Fluid Query Data Movement
In a Logical Data Warehouse, where data is stored on multiple systems, such as Hadoop and data warehouse appliances, there will be times when analytics performance or application simplicity is best served by moving the data to one of the data servers. Fluid Query includes capability on PDA for moving data to and from these Hadoop systems: IBM BigInsights, Hortonworks, and Cloudera.
The Data Movement feature supports two directions of data flow. Import provides data transfer from PDA to Hadoop. Export provides data transfer from Hadoop to PDA.
There are three modes of data transfer that deal with data compression. In Text mode, the NPS tables are transferred in text format and saved to HDFS in text format. In Mixed mode, the NPS tables are transferred in compressed format and saved to HDFS in text format. In Compressed mode, the NPS tables are transferred in compressed format and saved to HDFS in compressed format.

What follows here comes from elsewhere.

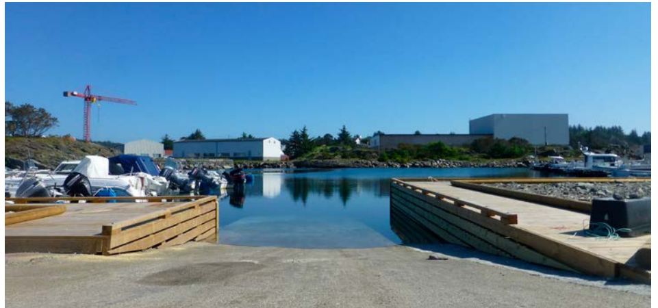
HER SEES FØRSTETRINN I oppgraderingen på Bystranden stå ferdig.

The procedure to setup and use data movement function varies based on whether data movement is initiated from the Hadoop side or the PureData System for Analytics side. To initiate data movement from the Hadoop system, perform the following:
- Install the Fluid Query package on the Hadoop system and run the installer script (./fluidquery_install.pl)

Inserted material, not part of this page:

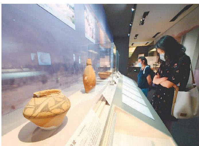
观众参观“积厚流广——国家博物馆考古成果展”。

- Customize the XML configuration files for the import and export commands
- Run nzcodec.jar with the relevant import or export XML configuration file parameter.
To initiate data movement from the PDA system, setup is similar to data connector configuration.

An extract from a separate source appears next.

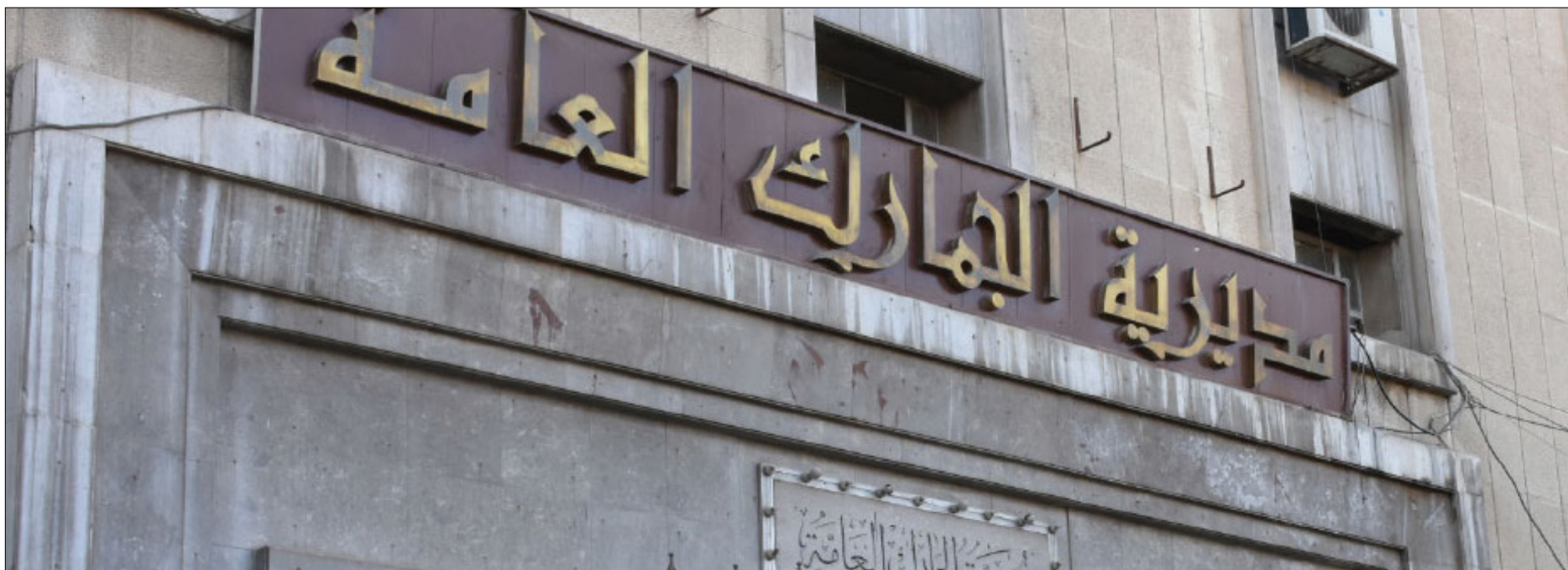
مبنى مديرية الجمارك العامة بدمشق

- Install the required Hadoop libraries, Hive libraries, and client configuration files to the PDA system.
- Customize the sample fluidquery/conf/fq-remote-conf.xml configuration file.
- Configure a connection using fqConfigure.sh using the data movement service type fqdm and the above configuration file.
- Register the functions for import and export using fqRegister.sh
- Call the registered functions from the application or query.
It is also possible to initiate data movement from any system that runs Java. For details on that, and additional detail about the above Fluid Query data movement configuration, see the IBM Netezza Fluid Query User Guide.
Hot off the Press
Fluid Query 1.6 contains enhancements to data movement. An entire database can now be imported from PDA into Hadoop. In addition, the append mode supports appending data to tables in Hadoop, allowing for incremental import of table data changes. There are several more functional, operational, and usability improvements in 1.6.
The Logical Data Warehouse provides an architecture for integrating a variety of data sources with the goal of serving the need for analytics and reporting in today’s modern enterprise. It provides flexibility to utilize existing data stores side-by-side with noSQL, Hadoop, and Spark, whether in the cloud or on-premises. IBM Fluid Query provides the most robust capability to perform queries across this heterogeneous environment, and includes fast data movement technology to position data on Hadoop or IBM PureData for Analytics as needed. With Fluid Query, data residing in Hadoop distributions from Cloudera, Hortonworks and IBM BigInsights for Apache Hadoop can be combined with the data residing in PureData using standard SQL syntax.
For existing IBM PureData System for Analytics customers, the latest version of Fluid Query is available for download at IBM FixCentral (www.ibm.com/support). Others interested in Fluid Query and the IBM PureData System for Analytics can download the free PDA Emulator virtual image and Fluid Query 1.6 via instructions on this page at IBM developerWorks - https://ibm.biz/PDAEmulatorDownload.
This material has not been submitted to any formal IBM test and is published AS IS. It has not been the subject of rigorous review. IBM assumes no responsibility for its accuracy or completeness. The use of this information or the implementation of any of these techniques is a client responsibility and depends upon the client's ability to evaluate and integrate them into the client's operational environment.